Notice that I've turned || async {} into async || {}.

The only thing I fixed with that PR was async closures ICEing.

compiler-errors commented 3 months ago

But I still don't know why rustc can't just copy that plain old data for me. I think my intent expressed in the code should be clear to the compiler and I think it's totally safe and sound to do that.

The compiler is necessarily conservative in what it chooses to capture by-ref or by-move. It turns out that unless you write move, the compiler will always capture a reference to any data that is Copy. This is a quirk, but I believe it was chosen to avoid moving large Copyable data into closures by value when they can be copied at the point in the closure that would've moved the data.

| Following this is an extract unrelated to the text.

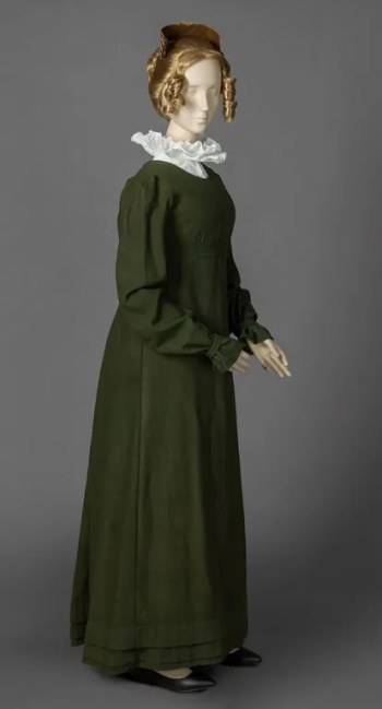 This green gown, made of wool, ca. 1815, is remarkable to have survived, because many woolen garments of the day were destroyed by moths and carpet beetles (Mary Doering Fashion Collection).

This is unfortunately an observable detail in the closure capture analysis algorithm, so I don't think it's possible to change. So you're just gonna have to write async move to force the compiler to do what you want it to (like I had demonstrated above). Sorry! Hopefully this will become easier to write when async closures land.

ifsheldon commented 3 months ago

I believe it was chosen to avoid moving large Copyable data into closures by value when they can be copied at the point in the closure that would've moved the data.

OK, fair enough, but does that means we need to wait for something like Claim to clear the concern of moving large Copyable data before actually fixing this?

Or, can we make a little exception for builtin numeric types like i*, u*, f*?